I’ll admit that the question may sound a bit…well, obvious. Like asking: What Is Word Processing? BI isn’t even on Gartner’s most-recent Hype Cycle chart, so it’s definitely gone mainstream.
But wade a little deeper into the open seas of BI applications and development tools, and the once crystal-clear waters become murkier.
Are analytics packages BI? The charts and tables in executive dashboards? How about financial reporting? Performance-management software? Data warehousing? What about the data in Excel spreadsheets?
CIO.com’s own Business Intelligence Definition and Solutions page states: “BI is an umbrella term that refers to a variety of software applications used to analyze an organization’s raw data.” A recent BI article on CIO.com offered this up: “Loosely defined, BI systems take vast quantities of data and put it into visually useful forms (such as graphs and charts) for sophisticated analysis of business trends.”
OK. But I wanted to know more—as concise a definition as possible without the tech mumbo-jumbo. So I reached out to a couple of IT experts and asked them one simple question: What is Business Intelligence?

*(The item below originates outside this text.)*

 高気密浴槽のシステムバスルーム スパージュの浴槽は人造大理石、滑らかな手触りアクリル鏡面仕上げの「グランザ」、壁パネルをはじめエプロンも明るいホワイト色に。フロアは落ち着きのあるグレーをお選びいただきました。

First up is Merv Adrian, a well-respected IT industry analyst and consultant who had former gigs at Forrester, Giga, Sybase and Information Builders. (He just wrote an insightful blog post on Oracle’s BI strategy.) Responds Adrian:
Business Intelligence is the application of analytic techniques to information about business conditions in order to improve them—in an automated fashion, with human interpretation and response. The vagueness of many of these terms means that dozens of vendors and analysts can redefine the category at will—and do, often.

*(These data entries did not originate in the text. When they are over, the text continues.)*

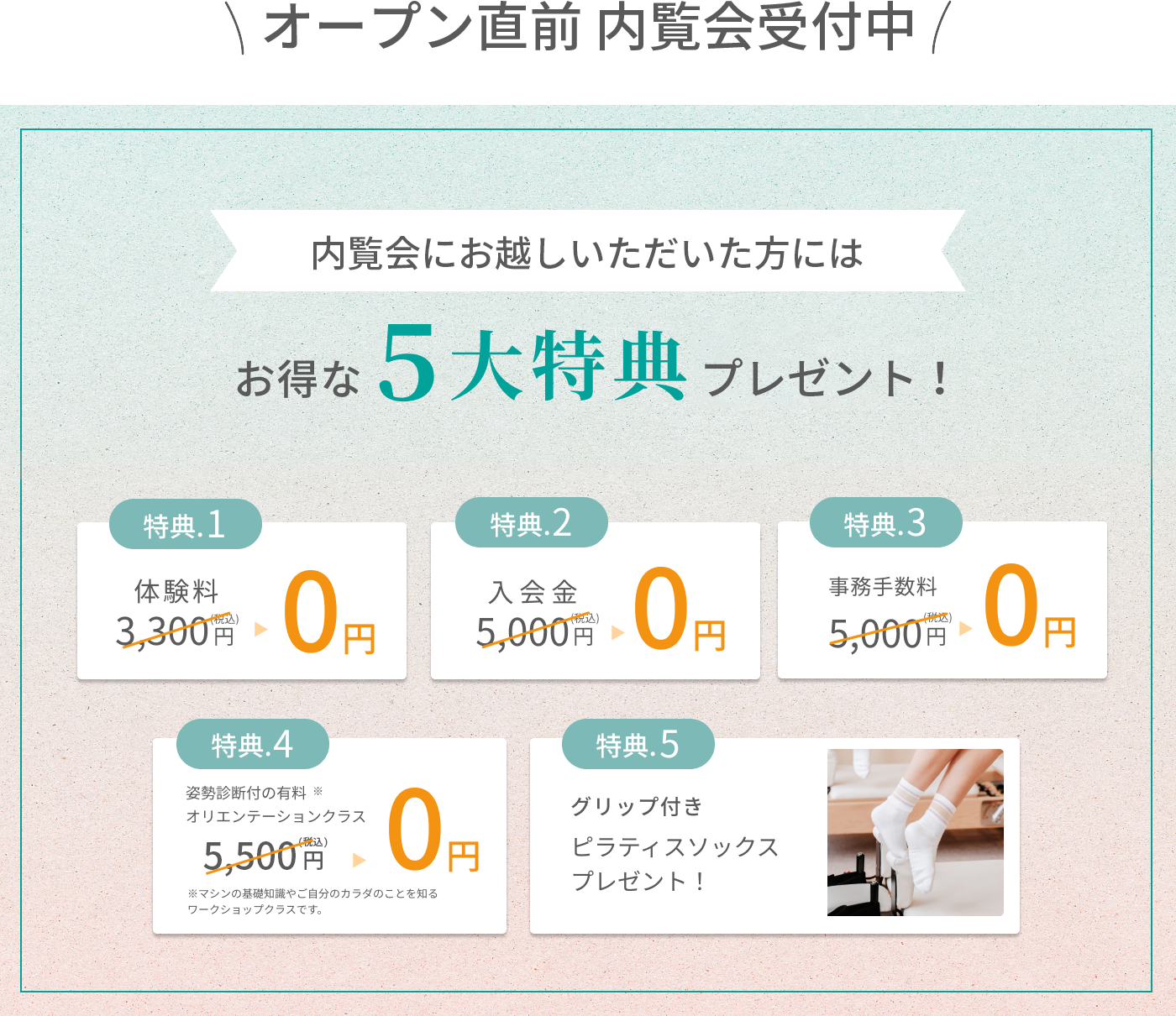 ご入会にあたり5大特典をご用意してお待ちしております。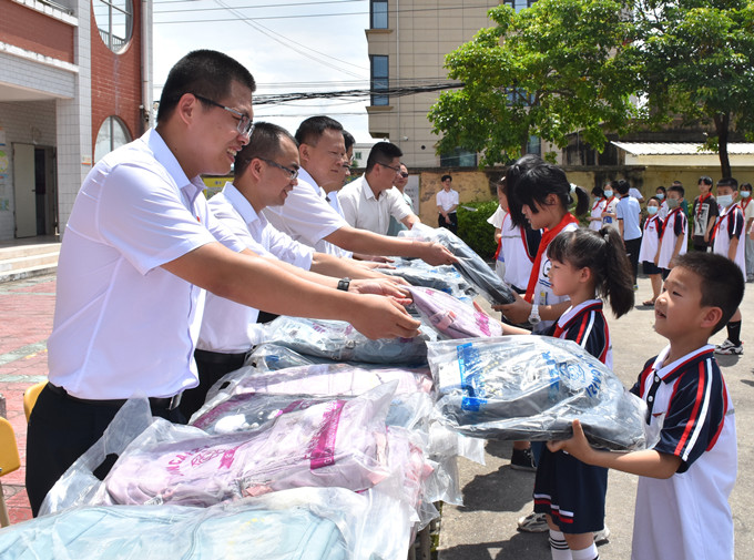 在“助力鄉(xiāng)村振興捐贈儀式”上,劉明福、王志劼代表公司向埭尾村捐贈12萬元,用于埭尾村路燈設(shè)施工程建設(shè),為幫助照亮埭美古村旅游之路做出龍軸貢獻。隨后,劉明福一行移步埭尾小學(xué)開展歡慶“六一”國際兒童節(jié)助學(xué)捐贈活動,代表公司向校方捐贈了3萬元改善教學(xué)條件資金,為全校181名學(xué)生購買了新書包,并給予6名困難學(xué)生共6000元助學(xué)金。望著孩子們一張張陽光燦爛的笑臉,劉明福一行勉勵孩子們勤奮學(xué)習(xí)、立志成才,以優(yōu)異的成績回報家鄉(xiāng),同時向辛勤耕耘、播灑未來的老師們致以了崇高的敬意。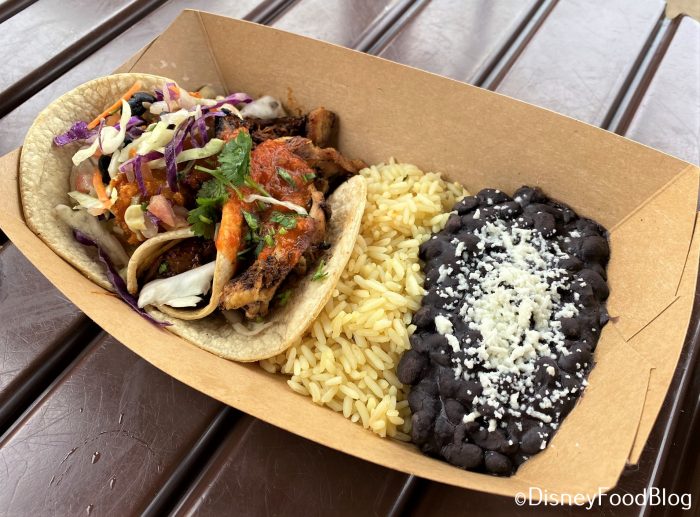 This was so flavorful and delicious. The chicken was cooked perfectly, and the cascabel sauce added a tremendous amount of flavor. We also loved the acidity from the pickled onions. To kick it up a bit, we added some salsa from the condiment bar, and the Chipotle added the perfect amount of heat to the dish. This is one we’d absolutely order again — and all things considered, this is a somewhat healthier option at World Showcase.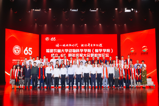 会见后,副校长郑宝东、林庆藩出席了动物科学学院(蜂学学院)成立65周年庆祝大会暨校友高峰论坛。郑宝东受校党委书记王建南、校长兰思仁委托在大会上致辞。何国辉代表校友致辞,号召大家登高望远,脚踏实地,勇担时代使命, 助力以中国式现代化全面推进中华民族伟大复兴。郭宋玉在致辞中指出,希望未来能同我校师生、全体校友一起为加快推进我省农业农村现代化建设贡献力量。黄勤楼代表兄弟单位致辞,表示省农业科学院愿与动物科学学院(蜂学学院)携手前行,共同为我省畜牧兽医事业高质量发展积极贡献科技力量。福建光华百斯特生态农牧发展公司董事长兼总裁林长光、厦门百拓生物工程有限公司董事长谢荔朋、福建山里香惠营农业有限公司董事长兰惠福先后上台发言,分享了自己的学习、成长、创业历程,感恩母校的悉心培养和老师们的辛勤付出,表示将尽己所能为学院学校高质量发展助力。蜂学系教师周冰峰,国家优秀青年基金获得者郭桂杰分别代表离退休教师、在职教师发言。2021级畜牧学硕士研究生、2023年度研究生国家奖学金获得者林芷昕代表在校学生讲话。他们都表达了对学院成立65周年的祝福和期待。

Next up is Steve Anthony, CIO of Charles River Associates, who was featured in my article on BI strategies. Anthony writes:
A business system that includes an effective meeting structure and accessible, accurate, timely and actionable business performance metrics / reports enabling business leaders to make informed decisions. This is easy to say, but tough to do correctly, as it involves changes regarding how businesses conduct effective meetings as well as the need for good data in order to take actions, thereby optimizing business performance.

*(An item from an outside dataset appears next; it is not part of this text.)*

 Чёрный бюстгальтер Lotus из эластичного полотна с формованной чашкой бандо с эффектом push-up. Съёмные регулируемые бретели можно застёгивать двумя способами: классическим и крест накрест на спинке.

Tom Davenport, Babson College’s Distinguished Professor of Management and IT and co-author of Analytics at Work: Smarter Decisions, Better Results, responds:
I view BI as all the things that organizations do to make sense of data for purposes of managing an organization better. To me it includes reporting and analytics, though there is much more of the former than the latter. However, I sense that the BI term is rapidly being supplanted by “business analytics.”
William Swislow, CIO and senior vice president for product at Cars.com, states:
Business intelligence is the actionable information that results from a company’s key activities and can be used via aggregation, reporting and analytics to drive its businesses forward.
Ray Wang, a partner at Altimeter Group in its enterprise strategy practice and author of a valuable post on next-generation BI strategy, writes:
The ability for the right person to receive the right information at the right time to make the best decision with the information at hand.
Perhaps, in the end, Business Intelligence is all of those aforementioned things and none of those things. BI will be how each organization defines it in relation to: the business processes it needs to make more efficient; the users who need access to the right corporate information to do their jobs better; and, lastly, the technological tools to ensure all that happens as smoothly as possible.